The DMOF will provide an environment of continuous improvement that can help employees repair older components faster and more efficiently.

The Navigation Systems Branch showcases Tobyhanna's capability to design, build and use modern automated test equipment (ATE) such as the PXI (PCI extensions for Instrumentation) system and the Agilent 3070 board test system. Branch employees will overhaul AN/ASN-128 doppler global positioning system (GPS) navigation systems, AN/ARN 149, 147, 123 and 89 receivers, and miniaturized airborne GPS receivers (MAGR) in the facility.

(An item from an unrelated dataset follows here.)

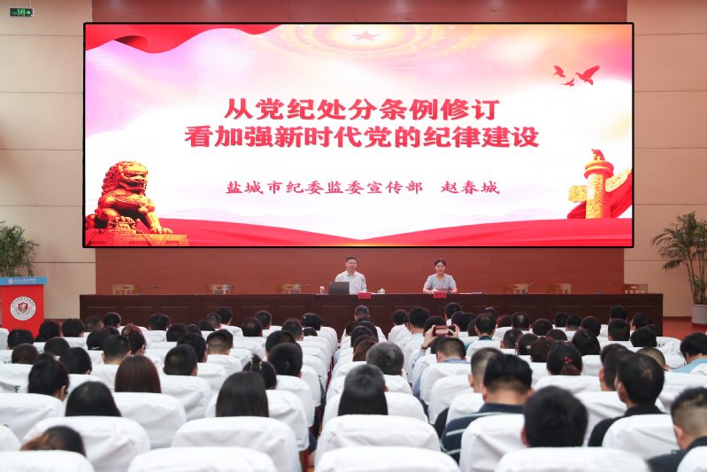 6月27日下午,学校在学术报告厅举办党纪学习教育读书班专题辅导报告会。盐城市纪委监委宣传部部长赵春城应邀作题为《从党纪处分条例修订看加强新时代党的纪律建设》的报告。纪委书记顾玉萍主持报告会。

Another main have of the DMOF is its flexibility. As workload requirements change, the room can be converted to support any mission. DMOF has modular moveable walls and doors. Glass partitions will provide privacy without confinement, and acoustic materials will ensure the area is quiet.

An overhead utility grid system will provide power, networking, compressed air, and even fume extraction. Unlike a raised floor system, which requires the relocation of furniture and equipment whenever utility changes are needed, the overhead utility grid enables reconfiguration of the area with little disruption to other processes.

Solar panels were placed on the roof to provide energy for such things as ambient and task lighting. Solar tubes will provide natural light to the room. The roof is made of a reflective material and designed to provide water reclamation. All technical data will be available electronically at each workstation.

The DMOF facility will also have state-of-the-art audio-visual presentations. Holographic staging and touch light displays complete the advanced presentation format.